Exercise objective:
No pictures belong in the result; set down exactly the lines from the one containing "Podgrodzie Przydatki Gołaszewskie" through the final line of the listing, and nothing more.

Raw data:

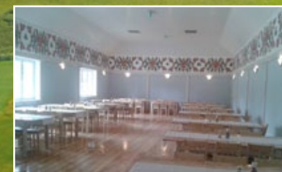
Świetlica wiejska w Rakutowie

Podgrodzie Przydatki Gołaszewskie 3 87-820 Kowal tel.: 54 284 25 01 e-mail: hotel@podgrodzie.com.pl www.podgrodzie.com.pl
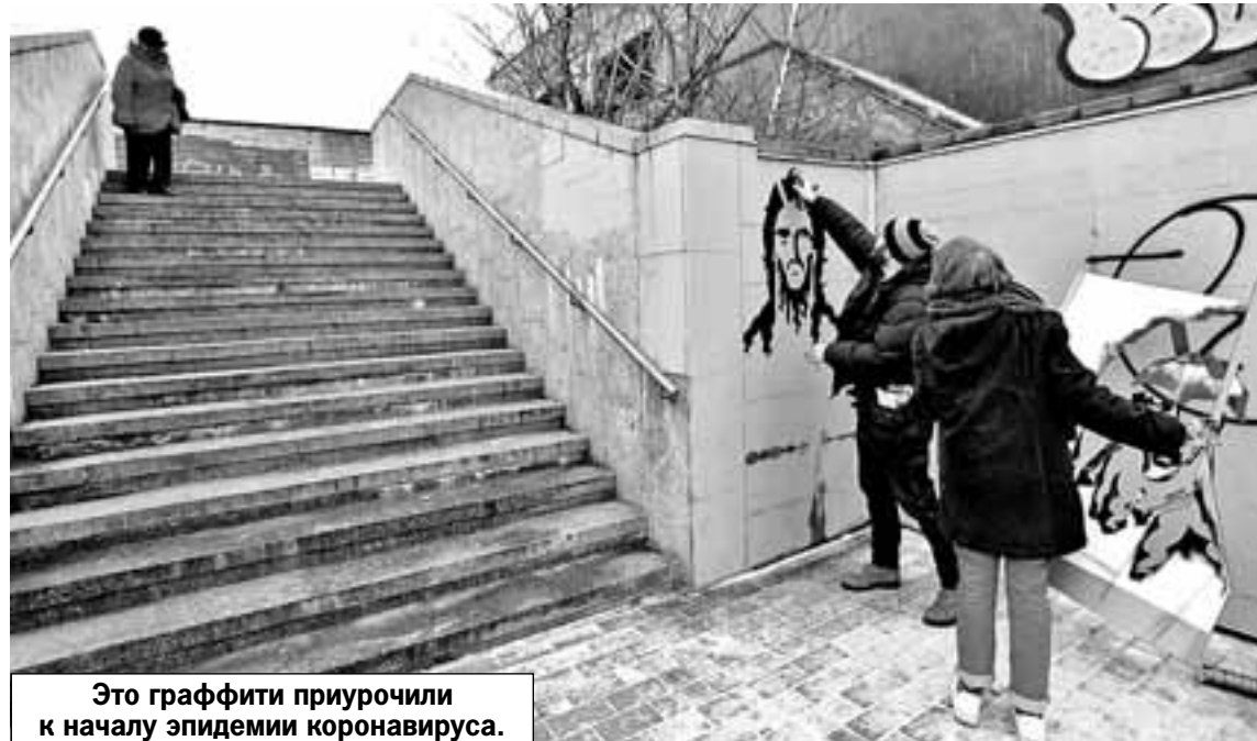
Это граффити приурочили к началу эпидемии коронавируса.

Пытаюсь обрулить пробки, чтобы выехать к Академии наук, и обдумываю услышанное. Действительно, все очень странно. Я, например, уже год наблюдаю из окна электрички Савеловского направления надпись «Бей ж...», спасай Россию!» и километры - это не преувеличение - разноцветной американской графферской мази. Неопрятная мазня, настоящая чума больших и не очень городов, пытается донести до нас какие-то смыслы, рожденные в мозгах, сожженных метамфетамин и крэком на другом континенте. И никому до этого дела нет. А от рисунков на христианскую тематику у кого-то сразу подгорает. Значит, художники попали в точку. Главное, чтобы не было равнодушных?

Exercise response:
Podgrodzie Przydatki Gołaszewskie 3 87-820 Kowal tel.: 54 284 25 01 e-mail: hotel@podgrodzie.com.pl www.podgrodzie.com.pl
Это граффити приурочили к началу эпидемии коронавируса.

Пытаюсь обрулить пробки, чтобы выехать к Академии наук, и обдумываю услышанное. Действительно, все очень странно. Я, например, уже год наблюдаю из окна электрички Савеловского направления надпись «Бей ж...», спасай Россию!» и километры - это не преувеличение - разноцветной американской графферской мази. Неопрятная мазня, настоящая чума больших и не очень городов, пытается донести до нас какие-то смыслы, рожденные в мозгах, сожженных метамфетамин и крэком на другом континенте. И никому до этого дела нет. А от рисунков на христианскую тематику у кого-то сразу подгорает. Значит, художники попали в точку. Главное, чтобы не было равнодушных?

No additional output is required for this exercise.